* DATASET EXTRACT *
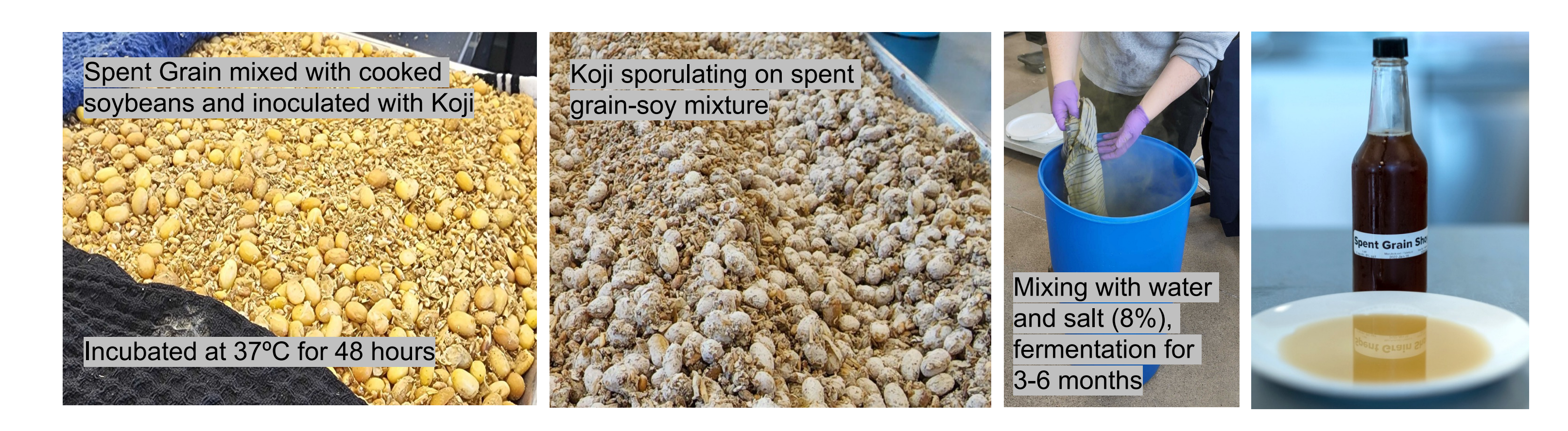
Figure 3. Overview of process for producing spent grain shoyu by inoculating spent grain and soybeans with koji.
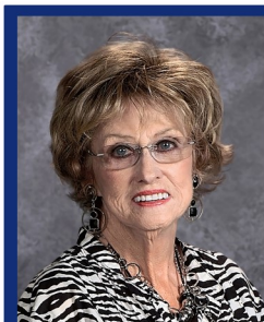
In Memory of Diane Dietiker Educator's Award
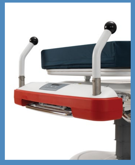
Foot End Push Handles (1105x only)

The Prime X X-ray Stretcher offers the safety and efficiency of the Prime Series Stretcher, now with the Clearview Technology platform.

* PROBLEM TO SOLVE *
Go through the material above and state how many lines hold the word "with". Give only the number.

* ANSWER FOR THIS EXERCISE *
2